模型示例

examples/tf

EgoGraph based GNNs示例

EgoGraph based GNNs我们提供了ego_sage, ego_gat, ego_bipartite_sage三个算法示例,

  • ego_sage: 同构图sage,提供了有监督点分类和无监督i2i推荐两个训练例子。

  • ego_gat:同构图gat, 提供了有监督点分类例子。

  • ego_bipartite_sage:二部图sage, 提供了无监督u2i推荐的训练示例。

EgoGraph based GNN的实现一般只需要用不同的EgoConv组成不同的EgoLayer,再传给EgoGNN即可。整个模型的构建类似搭积木过程,不同模型的区别,主要是EgoConv的不同。下面我们以EgoGraphSAGE为例进行说明

EgoGraphSAGE示例

class EgoGraphSAGE(tfg.EgoGNN):
  def __init__(self,
               dims,
               agg_type="mean",
               bn_func=None,
               act_func=tf.nn.relu,
               dropout=0.0,
               **kwargs):
    """ EgoGraph based GraphSAGE.

    Args:
      dims: An integer list, in which two adjacent elements stand for the
        input and output dimensions of the corresponding EgoLayer. The length
        of `dims` is not less than 2. If len(`dims`) > 2, hidden layers will 
        be constructed. 
        e.g. `dims = [128, 256, 256, 64]`, means the input dimension is 128 and
        the output dimension is 64. Meanwhile, 2 hidden layers with dimension 
        256 will be added between the input and output layer.
      agg_type: A string, aggregation strategy. The optional values are
        'mean', 'sum', 'max' and 'gcn'.
    """
    assert len(dims) > 2

    layers = []
    for i in range(len(dims) - 1):
      conv = tfg.EgoSAGEConv("homo_" + str(i),
                             in_dim=dims[i],
                             out_dim=dims[i + 1],
                             agg_type=agg_type)
      # If the len(dims) = K, it means that (K-1) LEVEL layers will be added. At
      # each LEVEL, computation will be performed for each two adjacent hops,
      # such as (nodes, hop1), (hop1, hop2) ... . We have (K-1-i) such pairs at
      # LEVEL i. In a homogeneous graph, they will share model parameters.
      layer = tfg.EgoLayer([conv] * (len(dims) - 1 - i))
      layers.append(layer)

    super(EgoGraphSAGE, self).__init__(layers, bn_func, act_func, dropout)

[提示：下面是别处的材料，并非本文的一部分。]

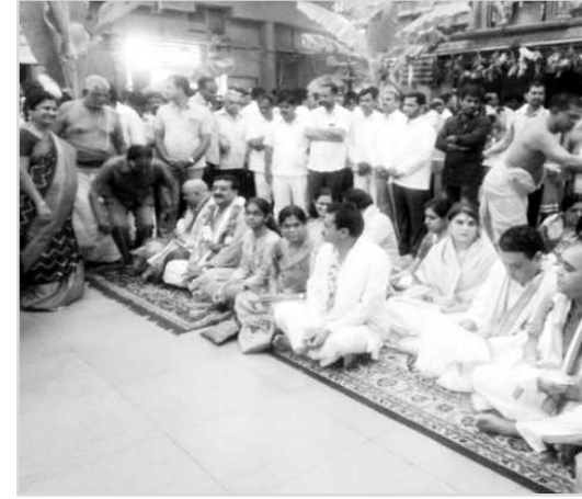
యాదాద్రి : యాదగిరిగుట్ట పై కొలువుదీరిన శ్రీ లక్ష్మీనరసింహ స్వామిని 12 మంది సీనియర్ ఐపీఎస్ అధికారులు దర్శించుకున్నారు. కుటుంబ సభ్యులతో కలిసి స్వామివారిని దర్శించుకొని ప్రత్యేక పూజలు నిర్వహించారు. అనంతరం ఆలయ అభివృద్ధి పనులను పరిశీలించారు. ఆదివారం కావడంతో యాదాద్రికి భక్తుల తాడి పెరిగింది. ప్రస్తుతం స్వామివారి ధర్మ దర్శనానికి 5 గంటల సమయం, ప్రత్యేక ప్రవేశ దర్శనానికి గంటన్నర సమయం పడుతోంది. భక్తుల రద్దీ దృష్ట్యా వాహనాలను గుట్టపైకి అనుమతించడం లేదు.

我们使用EgoSAGEConv组成EgoLayer,然后再传给EgoGNN,即可快速搭建出一个EgoGraphSAGE

SubGraph based GNNs示例(experimental)

SubGraph based GNNs我们提供了sage和seal两个算法示例。这两个示例都是从边遍历开始,进行1跳的full neighbor sampling和负采样,然后使用induce_func得到SubGraph。SubGraph目前只支持同构图。

  • sage: GraphSAGE,使用了BCE loss。使用了默认的induce_func

  • seal: link prediction的SEAL算法,使用了自定义的induce_func,进行node labeling操作。

SubGraph的模型实现部分见nn/tf/model

分布式示例

为了方便分布式训练过程的编写,我们对分布式的训练过程简单做了封装,封装成DistTrainer

DistTrainer

对应examples/tf/trainer.py

class DistTrainer(object):
  """Class for distributed training and evaluation

  Args:
    cluster_spec: TensorFlow ClusterSpec.
    job_name: name of this worker.
    task_index: index of this worker.
    worker_count: The number of TensorFlow worker.
    ckpt_dir: checkpoint dir.
  """
  def __init__(self,
               cluster_spec,
               job_name,
               task_index,
               worker_count,
               ckpt_dir=None)
   
  # 模型的定义必须都放到DistTrainer的context下 
  def context(self)

  # 训练过程,训练epochs次,会打印训练速度和对应的loss,训练结束时所有worker会
  # 使用我们实现的SyncBarrierHook做个同步等待。
  def train(self, iterator, loss, learning_rate, epochs=10, **kwargs)
    
  # 上面的接口都是对tensorflow的worker节点提供, ps节点只需要执行join即可
  def join(self)

DistTrainer里我们简单封装了几个常见的函数,你可以扩展或者新增函数控制你自己的训练过程。

注意: TensorFlow区分ps和worker角色,GraphLearn区分client和server,我们提供的示例都是GraphLearn的server mode,也就是client和server区分开,一般是将tf的ps和GraphLearn的server同进程部署,tf的worker和GraphLearn的client同进程部署。因此在执行GraphLearn的graph.init时需要区分不同的机器角色。

DistTrainer提供了context接口,模型相关定义都需要放到context下,便于将variable自动place到ps上,除了join函数,其他的函数都是对worker提供的,请注意调用时正确使用。